#### [AIM OF THE TASK]
Return every entry below word for word and leave out any picture.

-- Opening Marker --

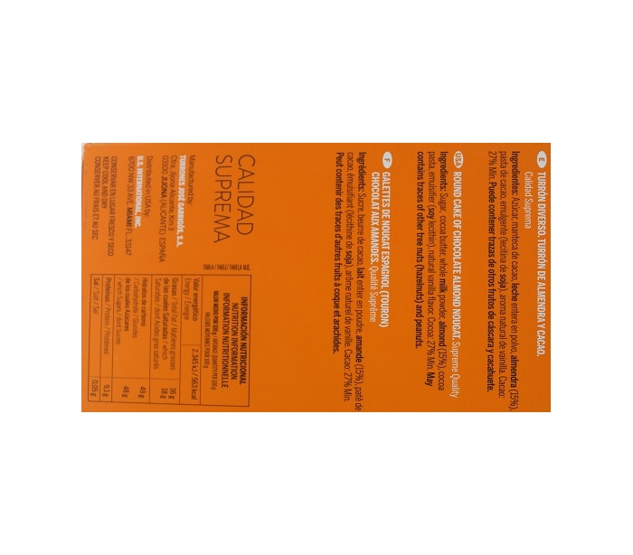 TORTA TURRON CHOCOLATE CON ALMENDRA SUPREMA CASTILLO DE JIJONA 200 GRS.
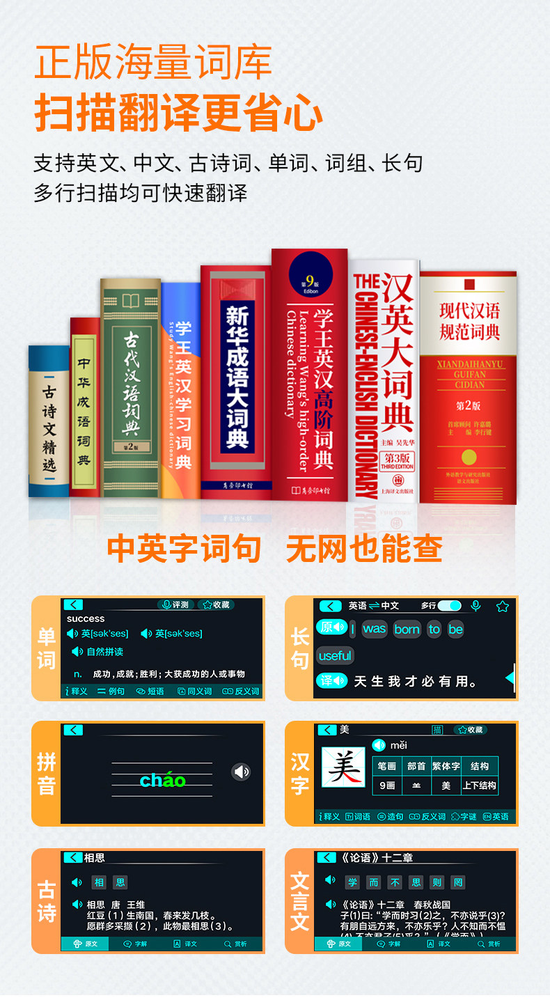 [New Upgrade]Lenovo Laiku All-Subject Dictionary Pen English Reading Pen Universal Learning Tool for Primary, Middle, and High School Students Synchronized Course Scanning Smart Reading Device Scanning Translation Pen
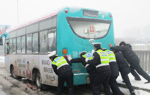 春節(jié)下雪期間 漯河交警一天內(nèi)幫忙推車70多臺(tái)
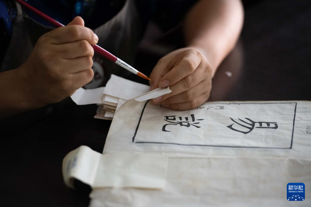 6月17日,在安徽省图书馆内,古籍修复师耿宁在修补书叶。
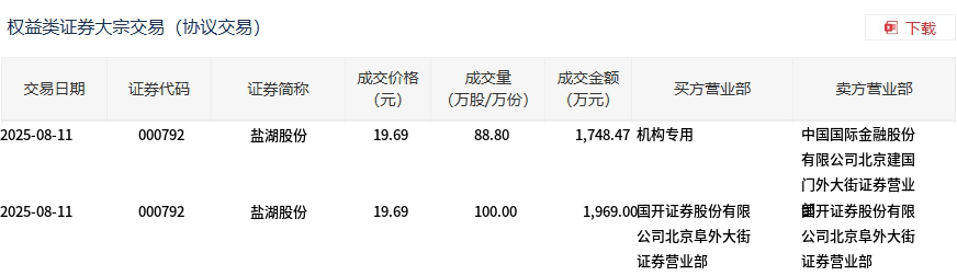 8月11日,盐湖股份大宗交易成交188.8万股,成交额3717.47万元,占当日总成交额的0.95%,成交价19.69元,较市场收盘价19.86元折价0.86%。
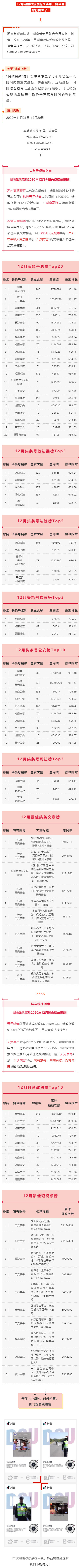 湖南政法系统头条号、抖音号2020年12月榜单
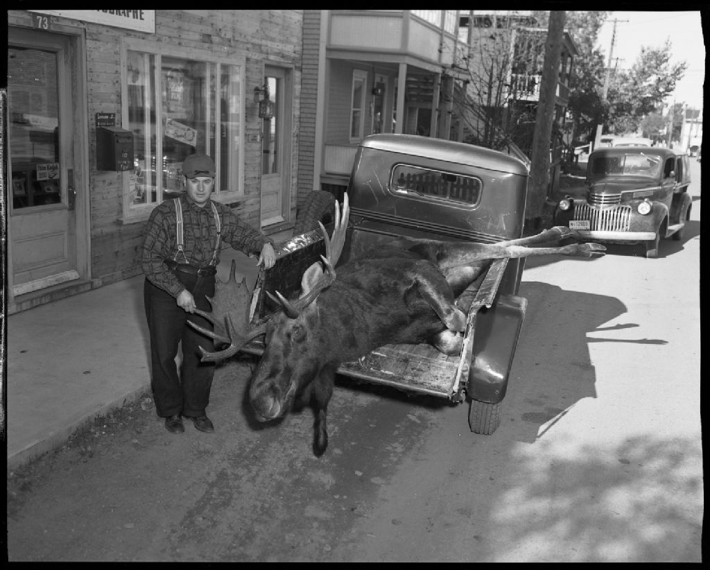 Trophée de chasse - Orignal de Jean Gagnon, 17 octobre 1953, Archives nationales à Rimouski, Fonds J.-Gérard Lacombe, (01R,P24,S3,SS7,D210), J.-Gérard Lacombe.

-- Closing Marker --

#### [OUTPUT BELOW]
 TORTA TURRON CHOCOLATE CON ALMENDRA SUPREMA CASTILLO DE JIJONA 200 GRS.
 [New Upgrade]Lenovo Laiku All-Subject Dictionary Pen English Reading Pen Universal Learning Tool for Primary, Middle, and High School Students Synchronized Course Scanning Smart Reading Device Scanning Translation Pen
 春節(jié)下雪期間 漯河交警一天內(nèi)幫忙推車70多臺(tái)
 6月17日,在安徽省图书馆内,古籍修复师耿宁在修补书叶。
 8月11日,盐湖股份大宗交易成交188.8万股,成交额3717.47万元,占当日总成交额的0.95%,成交价19.69元,较市场收盘价19.86元折价0.86%。
 湖南政法系统头条号、抖音号2020年12月榜单
 Trophée de chasse - Orignal de Jean Gagnon, 17 octobre 1953, Archives nationales à Rimouski, Fonds J.-Gérard Lacombe, (01R,P24,S3,SS7,D210), J.-Gérard Lacombe.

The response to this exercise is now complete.